Guy1, a Y-linked embryonic signal, regulates dosage compensation in Anopheles stephensi by increasing X gene expression
Abstract
We previously showed that Guy1, a primary signal expressed from the Y chromosome, is a strong candidate for a male-determining factor that confers female-specific lethality in Anopheles stephensi (Criscione et al., 2016). Here we present evidence that Guy1 increases X gene expression in Guy1-transgenic females from two independent lines, providing a mechanism underlying the Guy1-conferred female lethality. The median level gene expression (MGE) of X-linked genes is significantly higher than autosomal genes in Guy1-transgenic females while there is no significant difference in MGE between X and autosomal genes in wild type females.

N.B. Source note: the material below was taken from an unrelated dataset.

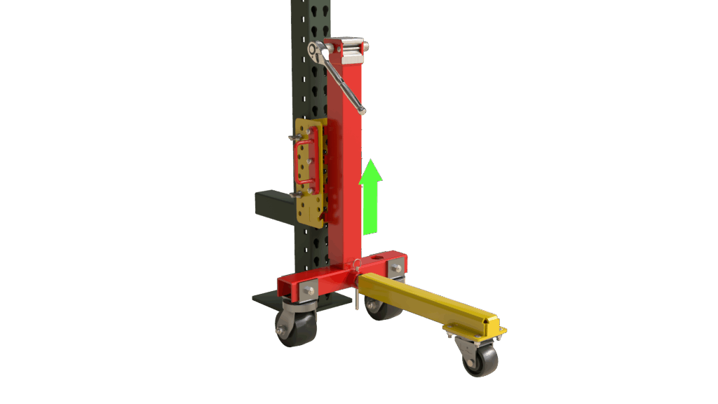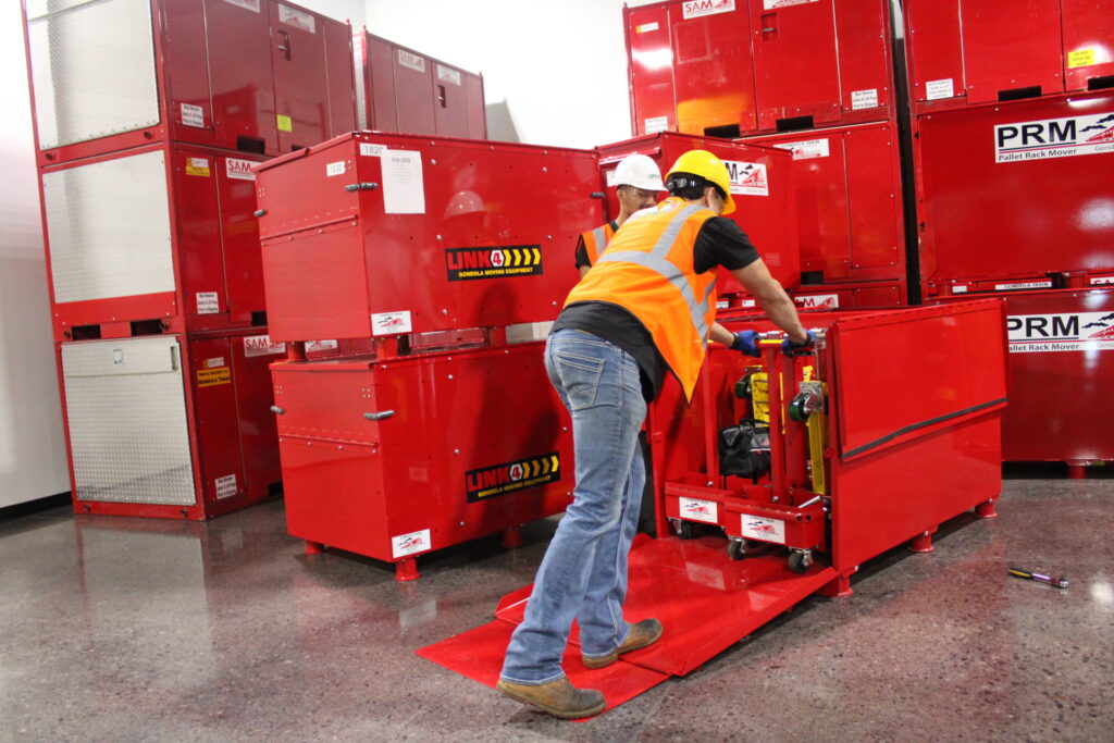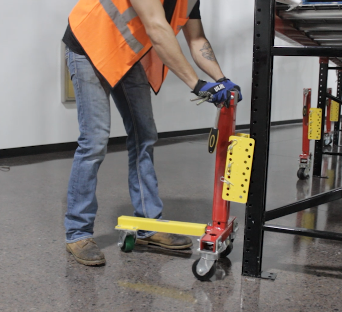 skates around the first pallet rack fixture to be mobilized. - Place each skate in front of an upright.

Furthermore, Guy1 significantly up-regulates at least 40% of the 996 genes across the X chromosome in transgenic females. Guy1-conferred female-specific lethality is remarkably stable and completely penetrant. These findings indicate that Guy1 regulates dosage compensation in An. stephensi and components of dosage compensation may be explored to develop novel strategies to control mosquito-borne diseases.
Data availability
Data submitted to SRA, PRJNA503140 : The transcriptome of Guy1-transgenic Anopheles stephensi L1 instar (TaxID: 30069)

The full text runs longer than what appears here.